Meanwhile, users had requests that the workflows get simplified, and the capabilities expanded. Knowing he needed a cofounder, Sharath put it on Twitter with a thread describing the project. He received 16 DM’s, one was Curtis, and they clicked instantly. It took them four weeks to build a fully coded version 1, providing sneak peaks every week. At the beginning of December, they launched 100 users in private beta.
The purpose of private beta is to get high-quality feedback. On February 11th, they did a soft launch on Twitter, followed by Product Hunt a week later. They have had around 460 users, with many of those still in the trial period. They have been converting users at a 10% rate.
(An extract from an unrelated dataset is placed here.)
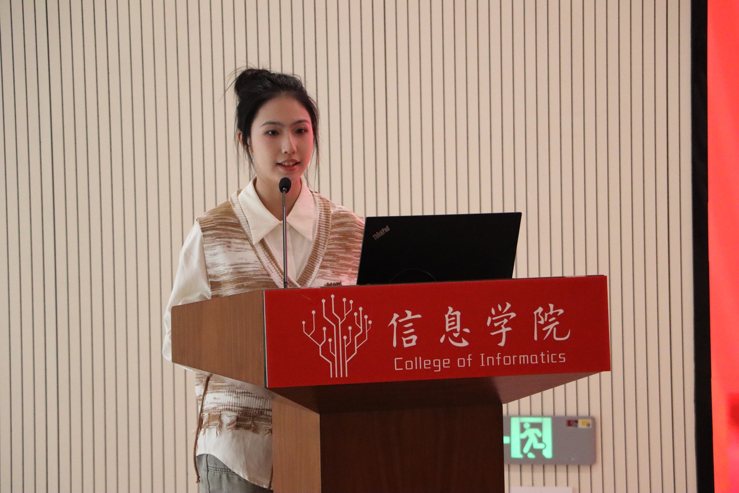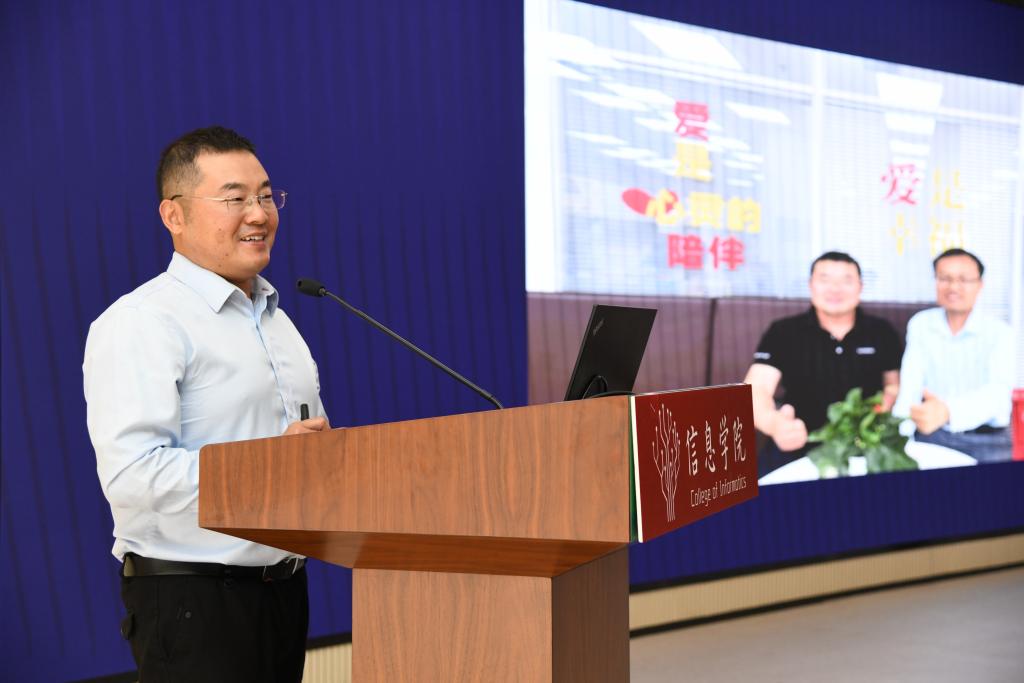 我校十佳青年志愿者、人工智能2101班孙术鑫同学以《拾焰者的实践之路》为题分享了她对开展志愿服务的思考与体悟。信息与计算科学2403班张钰洁代表新生宣誓将传承本禹精神,接过公益之炬,做一个爱的传递者。

Shoutout has earned enough feedback to have a solid understanding of their roadmap. They will be rolling out other social media proofs, with LinkedIn and Facebook next—anywhere your community might be. I’m not quite ready for TikTok, but they will be. In fact, Sharath and Curtis see the entire space of social proof as one they can move quickly to address for individuals and companies. They are working to add a lot of features, but I promised to keep the details under wraps.
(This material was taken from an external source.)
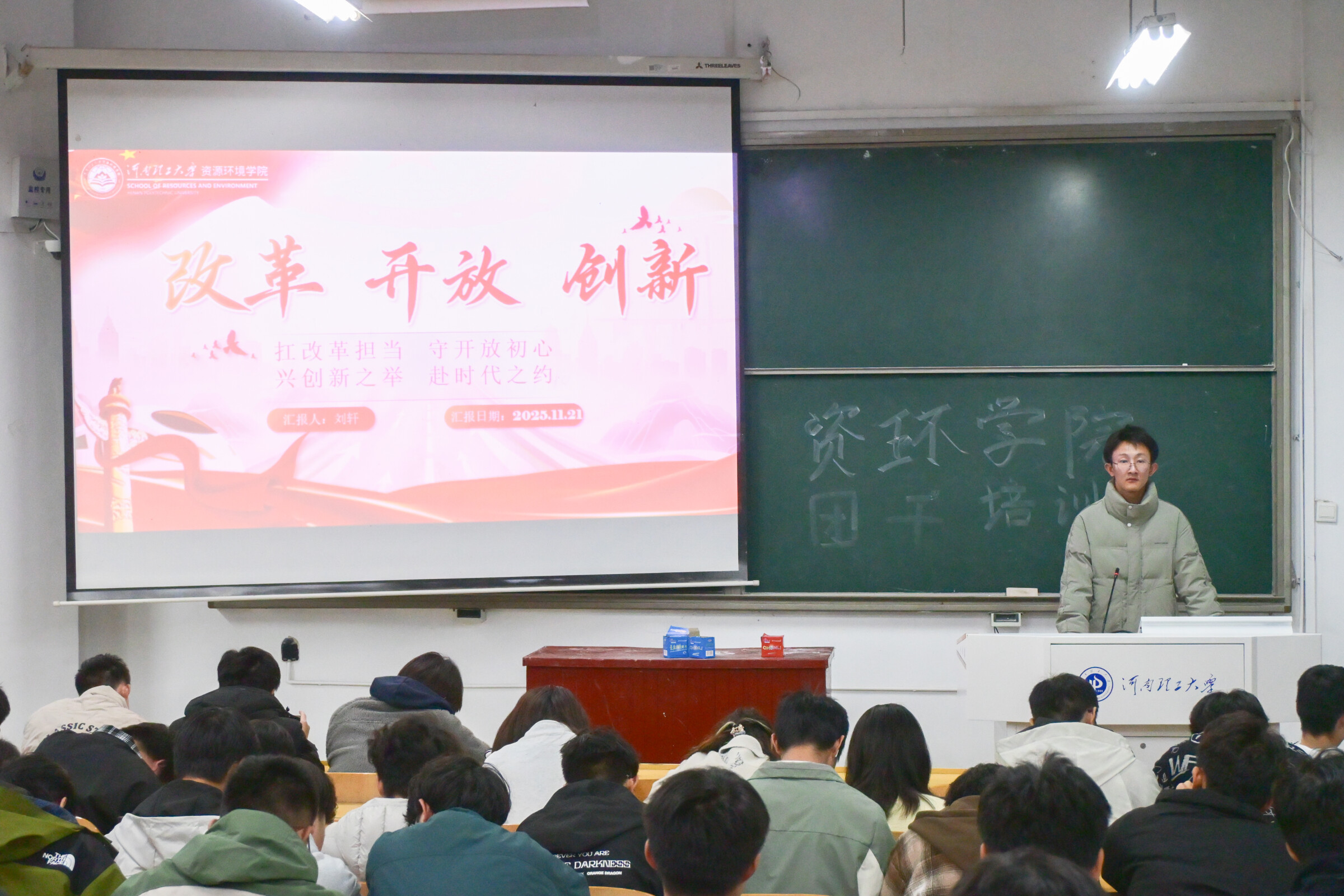 科创中心联合院学生会于资环楼104教室举办“改革 开放 创新:扛改革担当,守开放初心,兴创新之举,赴时代之约”主题培训。本次培训由优秀学生代表刘轩主讲。

I learned so much from my conversations with Glenn, Sharath, and KP. It was liberating to understand that building in public is not an exercise in attention seeking. The people who are doing it right are creating a lot of value for others.
There are a lot of rooms out with people who could prove receptive to sharing your journey. Whatever you’re building, find a place to start sharing. Always Invert is going to remain my favorite platform, but I’m now ready to start rockin’ a few tweets.